In our parameter file we set to output the variants in vcf format (v ## [27] [output_formats]
). You can find the vcf file in the folder proc_reads/sim_data_proc2_outfiles
There are many software and packages available to analyze population genetic data. For this practice, we will perform two simple exploratory analyses to analyze population structure using the package adegenet in R.
First, transfer the vcf file (sim_data_proc2.vcf) to your local computer using the WinSCP
software (in Windows) or the commands scp
of rsync
(in UNIX system). Then, download a simple R markdown template that we prepared for this practice.
Once you have both the VCF file and the R markdown template in the same folder, open the R markdown file using RStudio
Explore the file. The basic structure of an R markdown file consists of two basic sections. A header with general information of the file (Title, Authors, ...) and instructions for output generation. The second section is the body of the document that alternates text (titles and paragraphs) with R code chunks.

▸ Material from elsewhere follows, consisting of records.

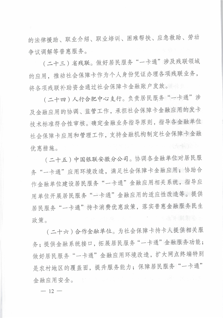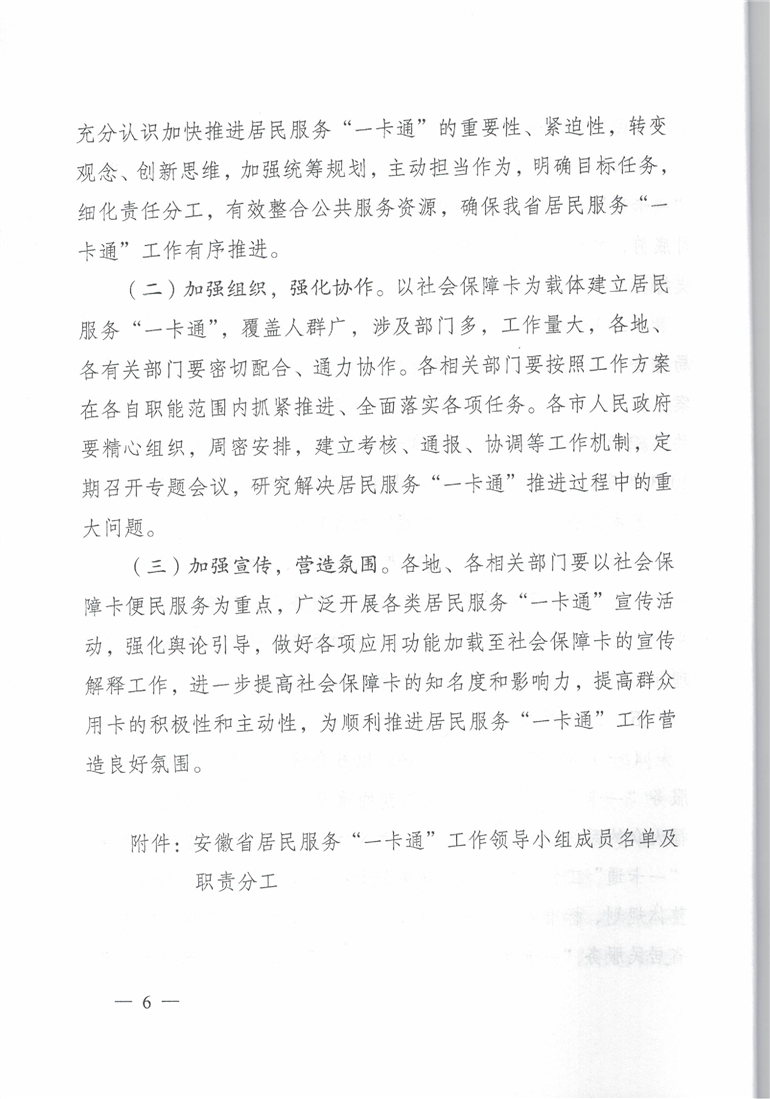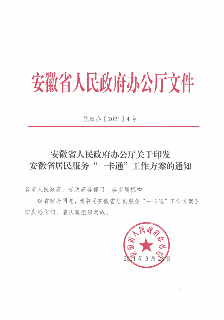 安徽省人民政府办公厅关于印发安徽省居民服务“一卡通”工作方案的通知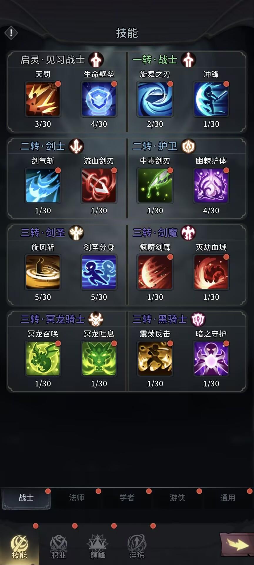 0转(启灵)-1转(战士)-2转(剑士/护卫)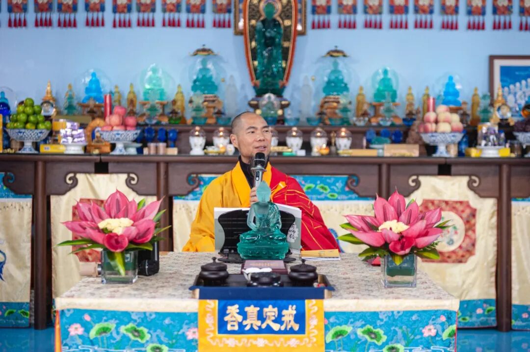 2021年10月22日至28日,福泉禅寺辛丑年药师法门许愿结名专修大法会期间,每日下午3时至5时30分,住持忠明大和尚依据《药师经》,为修法居士开示药师法门,解经释义,令大众得闻正法,从中受益。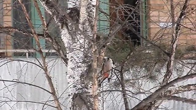 Дятел белоспинный, пгт. Лучегорск, 19 марта 2010 г. Съёмка Динаиды Целовой.

Once you have completed the markdown file you just need to click on the knit button. If everything is properly set, after a few seconds you should get an HTML file that automatically opens in your browser and also is saved in the working directory. It is easy to generate PDF files, edit the R markdown template to generate a PDF file. You can find the basic instructions in this rmarkdown-cheatsheet. If you are not familiar with R markdown check some tutorials on the internet.